A dozen varieties of fruit flavors and a dozen Latin rhythms came together on Monday evening as the Westville Village Renaissance Alliance closed out HI Fi Pie, its series of outdoor concerts and pie-making contests held in Beecher Park, in front of the Mitchell Branch Library, in Westville.
“This was a fantastic year,” Lizzy Donius, WVRA’s executive director, said of Hi Fi Pie’s 2024 run. The weather largely cooperated, with only one cancellation. “Record baking, huge audiences, and fabulous bands.” This year, in fact, marked the year in which the event seemed to return to pre-pandemic levels of participation. “And some things are bigger,” Donius said. The number of participating bakers has grown, with some nights seeing pies from over a dozen bakers.
The series was also notable for its continuity. The event is run by the Westville Village Renaissance Alliance and “is a self-perpetuating thing,” Donius said, in the sense that the proceeds from one year have covered the expenses for the next. “It pays for itself,” she said. For the bands, “we try to keep it local” and to “keep the level high,” she said. Carlos y su Movimiento Musical “have been the anchor” of the series, holding down the last concert slot, for “at least three years,” Donius said, and this year was no different. The event has been happening for long enough that people who used to attend as kids are now involved as staff, running sound. A new generation of kids, meanwhile, has gotten involved in baking pies in the contest’s youth division.
Overall, Hi Fi Pie remains a “classic community event” in the way that it’s “kind of a Frankenstein,” she added with a laugh, as it combines a musical performance and a pie bake-off — all in the name of simply creating a night out for people in the community to relax outside, listen to music, and eat pie.
“Unless you’re a baker,” Donius joked. “Then it’s a blood sport.”
The Midnight Strangers — lead vocalist and drummer Jack Marchand, bassist Nolan Wazni, and keyboardist Ben Card — kicked off the evening with a set of originals and covers, joined by guest vocalist Mila Volpe. The Midnight Strangers, now sophomores in college, have been playing together since the fifth grade, and that history showed in their ease in playing with one another and the unified sound they created.
Meanwhile, a long line of people quickly formed — in order to quickly consume — a variety of pies: cherry, blueberry and grape, watermelon cream, cherry mango, roasted plum, sweet potato, lemon meringue, Italian cream, and chocolate churro.
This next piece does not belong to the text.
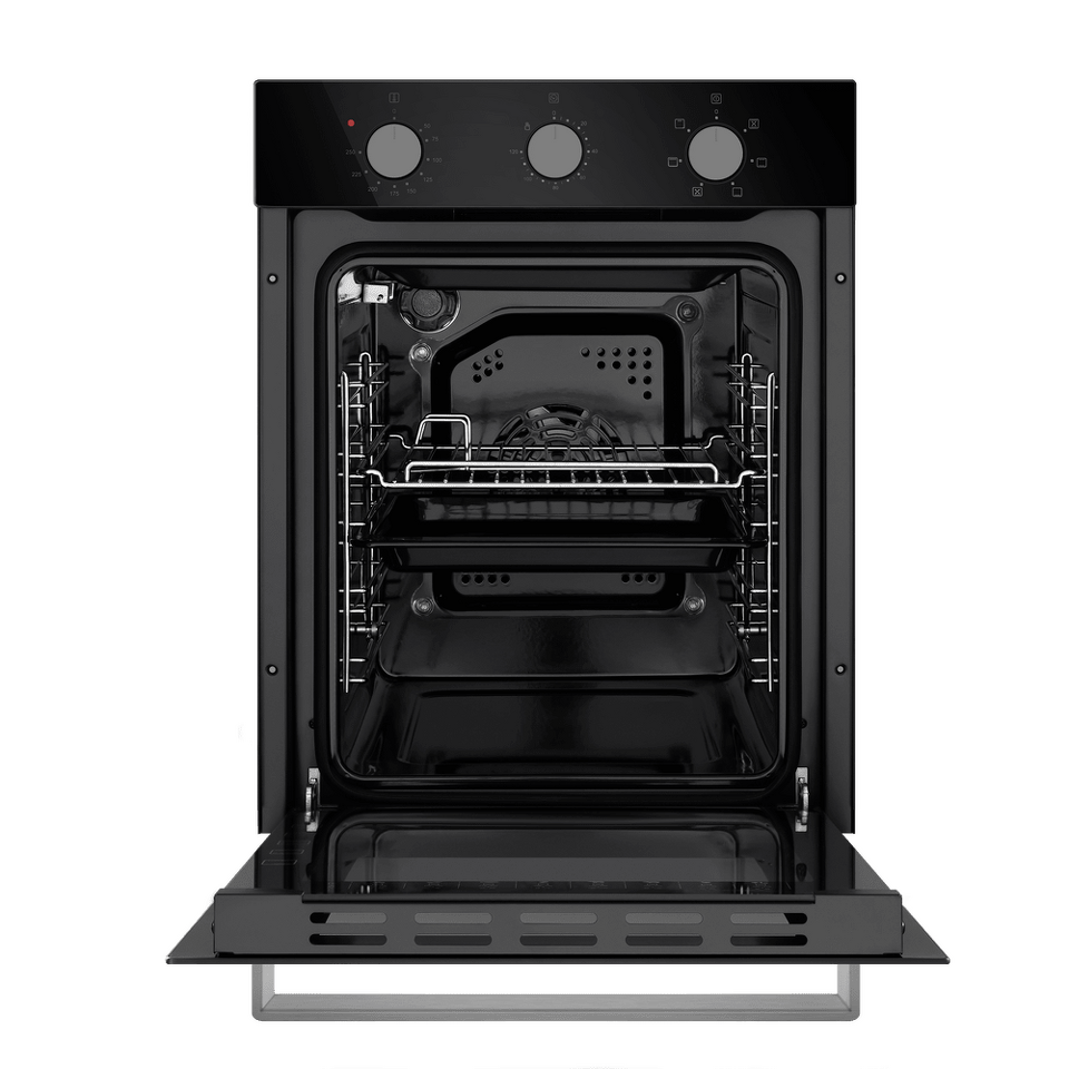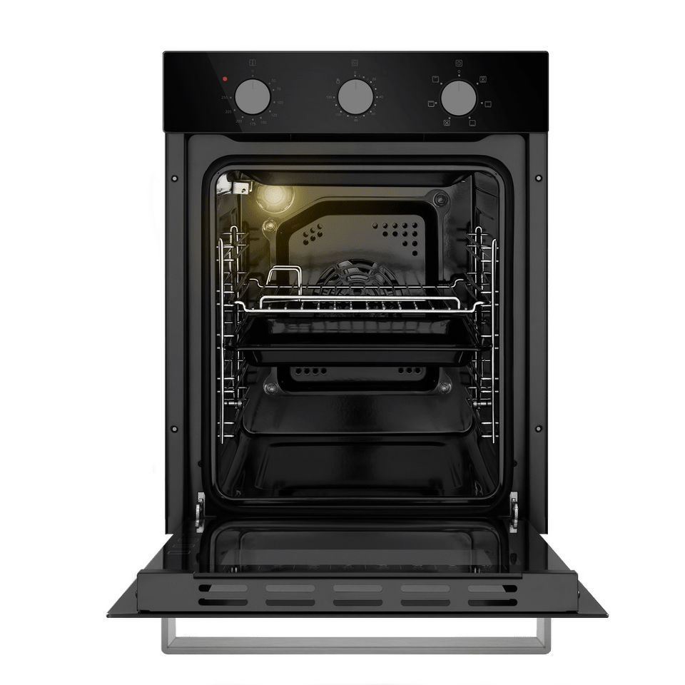 Механическое управление работой духовки осуществляется утапливаемыми поворотными ручками. Можно установить таймер (до 120 мин), выбрать температуру (50°-250°C) и один из 7-ми режимов работы: внутреннее освещение, традиционный нагрев, большой гриль, конвекция с нижним нагревом, нижний нагрев, конвекционный нагрев, малый гриль.

These pies were served with gelato and the combination meant that the pies seemed to disappear almost as soon as they were bought.
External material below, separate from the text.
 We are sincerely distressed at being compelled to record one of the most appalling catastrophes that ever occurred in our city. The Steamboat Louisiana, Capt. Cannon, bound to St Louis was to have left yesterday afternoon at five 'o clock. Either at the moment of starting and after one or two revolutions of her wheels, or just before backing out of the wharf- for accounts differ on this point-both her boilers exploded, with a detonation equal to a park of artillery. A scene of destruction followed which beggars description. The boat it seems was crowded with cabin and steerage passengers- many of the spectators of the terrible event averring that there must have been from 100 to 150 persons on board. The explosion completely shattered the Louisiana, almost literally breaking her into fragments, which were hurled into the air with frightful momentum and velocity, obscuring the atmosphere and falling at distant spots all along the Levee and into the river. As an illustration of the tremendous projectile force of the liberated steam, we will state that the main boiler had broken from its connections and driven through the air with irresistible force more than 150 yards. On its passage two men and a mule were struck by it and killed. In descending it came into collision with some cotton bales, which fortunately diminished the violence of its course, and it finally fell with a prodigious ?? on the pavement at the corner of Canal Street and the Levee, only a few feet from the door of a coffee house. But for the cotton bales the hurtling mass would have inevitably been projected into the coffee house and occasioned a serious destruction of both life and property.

It was just as apparent, however, that the crowd wasn’t just there to eat pie, as they settled in for both the Midnight Strangers and the group that followed.
Carlos of Carlos y su Movimiento Musical announced that the band was celebrating 34 years of playing together (as well as their next performance, at Bear’s Smokehouse on Aug. 7).
“We’re going to play salsa, merengue, bachata, everything,” he announced. Over the next hour, the band made good on that promise. Driving bass and intricate guitar danced over and under a powerful rhythm section that made it impossible for many in the audience to keep still, as equally forceful singing stirred them to action. One couple took to its feet during the band’s second song, a bachata, and didn’t sit down. Others joined them.
“Give yourselves some applause!” Carlos said.
As the set continued, more and more people got up and moved, until there was a small dance section stepping across the lawn in front of the band. The musicians fed off that energy, stepping up their own in turn.
“My father says the best medicine” — for a host of ailments, Carlos said — “is dancing. You feel so good.” They ended their set with a blistering merengue. “Everybody applaud!” Carlos said. They did.
By then the pies had been judged, and the winner announced. It was Nero Fuller, for his blueberry and grape pie. He had entered in the junior division, but the judges deemed it the best overall. If that was fudging the rules, nobody seemed to mind.